Direct Primary Care (DPC) organizations such as Iora Health, Qliance, DaVita’s Paladina Health are an “ACO” in all but name. This new delivery model is demonstrating the most impressive Triple Aim objectives [See Health Insurance's Bunker Buster for more] Onsite clinics are one of the hottest sectors in healthcare. Employers are bypassing traditional healthcare systems as they perceive they can get service and outcomes superior to traditional options. [See DIY Health Reform: Employers Solving Healthcare Crisis One Onsite Clinic At A Time for more.] Like newspaper executives who dismissed craigslist, Monster, Cars.com and countless other upstarts who eventually ate their lunch, I hear health system leaders assure themselves (with no data to back it up) that those organizations are skimming the cream. They make comments such as “oh, those organizations just get the tech sophisticates or “easy” patients unlike my organization.” In fact, it’s often the opposite.

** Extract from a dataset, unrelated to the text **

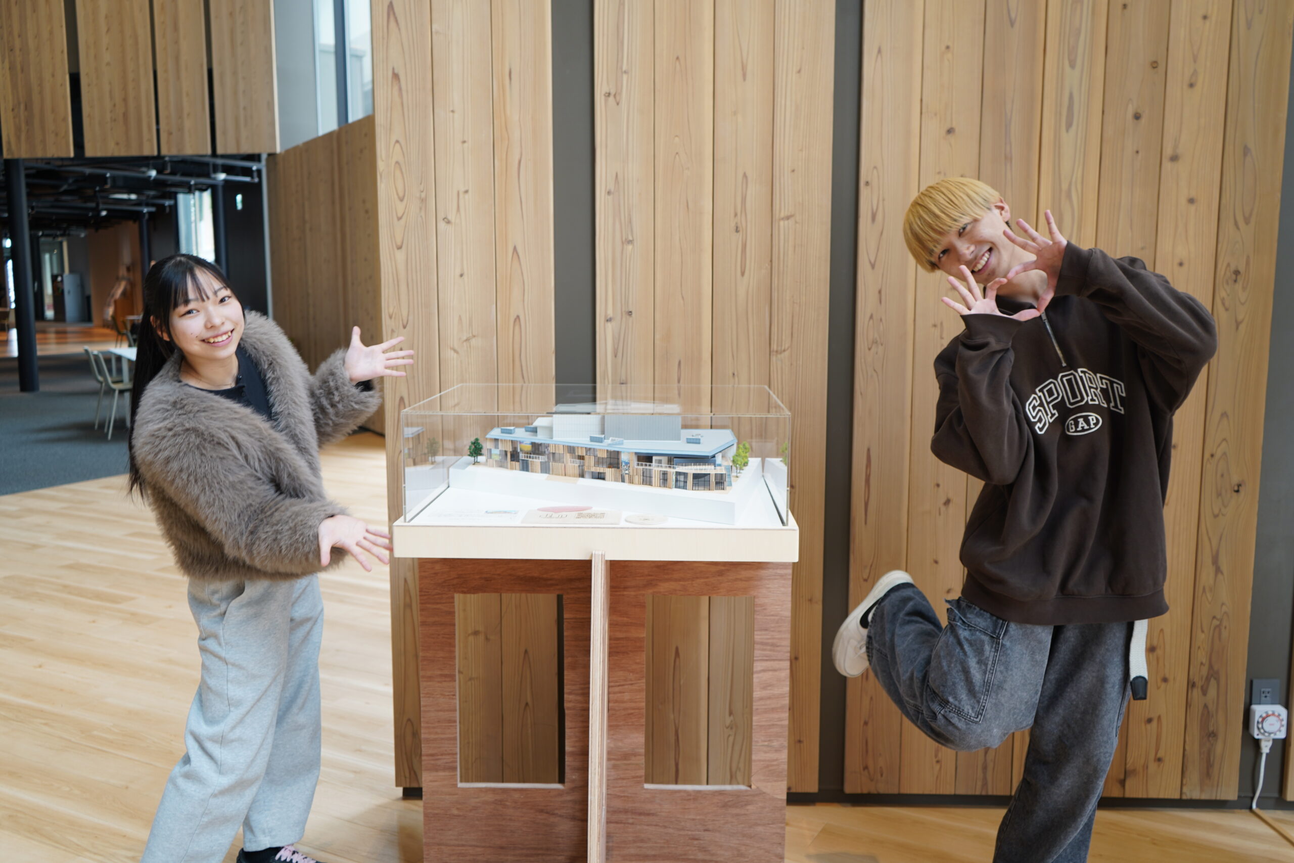 この模型は、令和7年度高岡工芸高校建築学科の課題研究で製作したもの。

For example, the unions and employers partnering with Iora Health target their most expensive, polychronic individuals to get into Iora’s program. Note: If you’d like a copy of the seminal whitepaper on Direct Primary Care, contact me via LinkedIn so I can send you a copy.
Walmart is the most visible example of creating a national market for surgeries where it once was only a local market. No matter how small a market you are in as a surgery center, local hospitals are now competing with Mayo and Cleveland Clinic for non-emergent surgeries. For Walmart employees with health benefits, they just made an offer that is almost impossible to refuse. Lowes, Pepsico and others are doing the same. Benefits consultants state that they are getting strong interest to replicate their models. It’s just a matter of time before it’s normal for a bundled, transparent price for surgical procedures.
Other categories where most health systems aren’t cognizant of their lunch progressively getting eaten include onsite clinics, direct-to-consumer lab testing/monitoring, Medicare Advantage programs, retail clinics broadening scope, near-site clinics, etc. These businesses have seen multi-billion dollar exits in the past year along with 10′s of millions of VC investment. In most cases, there is a similar opportunity to what newspapers had — i.e., they could invest, buy or build these businesses. One of the common threads to these organizations is most tout reducing unnecessary hospitalizations, ER visits, surgeries, specialist visits, etc. The old refrain from incumbent media companies was they didn’t want to replace analog dollars with digital dimes. Their problem was that it was going to happen with or without them (and it did). The smart newspaper execs said “it’s time to start stacking dimes.” Healthcare CEOs need to prepare their boards/orgs for this dynamic. Precious few are. The others run the risk of having the final chapter of their otherwise-extraordinary careers be written as they failed to reinvent their organizations before it was too late.